Psychologists at Carnegie Mellon University in Pittsburgh and University of Washington in Seattle developed neural imaging methods to understand the way human brains adapt to injury. The team led by Carnegie Mellon’s Marcel Just, director of the university’s Center for Cognitive Brain Imaging, published its findings online this week in the journal Cerebral Cortex.
The researchers that include Washington’s Chantel Prat and Carnegie Mellon’s Robert Mason investigated how the human brain adapts to various traumas, such as traumatic brain injury and stroke, thus enabling people to continue functioning after areas of the brain may have been damaged. The team studied 16 healthy adults with functional magnetic resonance imaging to simulate a temporary incapacitation of the Wernicke area, the region of the brain involved in language comprehension.
Functional MRIs measure brain activity by detecting the changes in blood oxygenation and flow that occur in response to neural activity. In their study, the participants were asked to perform a sentence comprehension task, during which a technique called transcranial magnetic stimulation temporarily disabled the Wernicke area in their brains. Functional MRIs were taken of the participants’ brains before during and after the application of transcranial magnetic stimulation.

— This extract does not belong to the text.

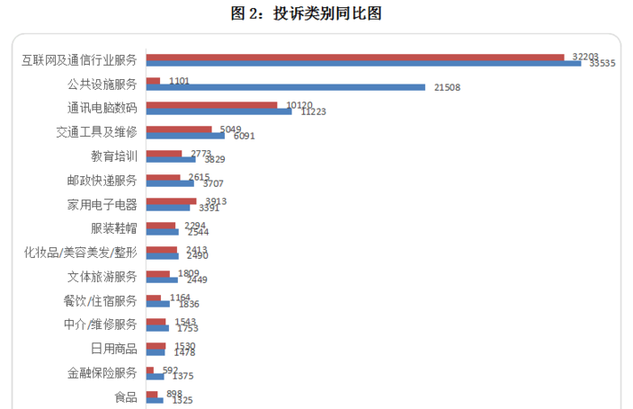 互聯(lián)網(wǎng)及通信行業(yè)服務(wù)投訴33535宗,投訴量繼續(xù)位居第一位,但增長幅度有所縮小,同比僅增長4.14%。
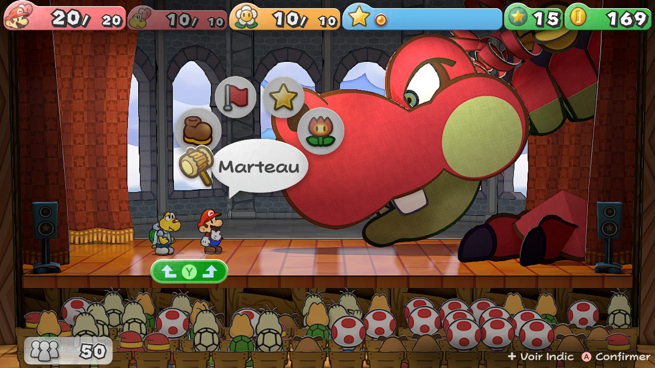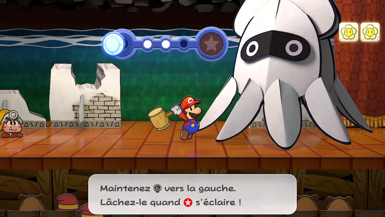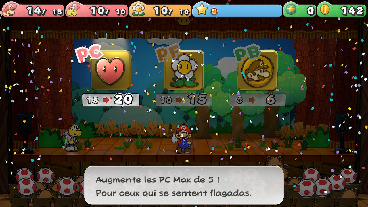 Tout d’abord, je dois avouer que le côté décors en cartons est plutôt bien fichu. Il faut dire que le titre est visuellement très réussi ! Bon, c’est vrai que l’on est sur switch, mais le travail apporté sur ce remaster n’est pas négligeable. J’ai vu quelques comparaison avec la version GC, c’est un peu plus joli et coloré avec des effets supplémentaires, bref… j’adore. D’un point de vue gameplay, j’ai découvert un RPG assez original. Surtout en combat j’ai trouvé cela bien sympathique ! Selon le coup que vous choisirez de faire, il y aura une manipulation plus ou moins simple à effectuer. Si vous ratez cette dernière, votre attaque sera moins efficace voir totalement nulle. Vous aurez également la possibilité de contrer une attaque adverse avec un principe de timing. Le tout accompagné d’une excellente OST retravaillée !! (Vous pourrez également choisir de mettre les musiques de la version GC.)

The results indicate brain functions in the Wernicke area decreased following the transcranial magnetic stimulation, but other brain areas immediately became activated and coordinated in response. These back-up brain areas allow the individual’s thought processes to continue with no decrease in comprehension performance. That “reserve team” comes from three types of brain regions: (1) contralateral areas that are in the mirror-image location of the brain, (2) brain regions adjacent to the impaired area, and (3) a frontal executive area.
“The first two types of back-up areas have similar brain capabilities as the impaired Wernicke area, although they are less efficient at the capability,” says Just. “The third area plays a strategic role as in responding to the initial impairment and recruiting back-up areas with similar capabilities.”
Despite the ability to call on other areas of the brain to fill in for the damaged regions, the damage still takes its toll on functions throughout the brain. “When a key node of a network is impaired, the network that is closely collaborating with the impaired node is also impaired,” Just notes. “People do their thinking with groups of brain areas, not with single brain areas.”
The findings nonetheless provide an imaging technique for tracking the course of brain injuries, as well as pointing to a recovery strategy for brain injury patients. “The secret is to develop alternative thinking styles, the way a switch-hitter develops alternative batting styles,” explains Just. “Then, if a muscle in one arm is injured, they can use the batting style that relies more on the uninjured arm.”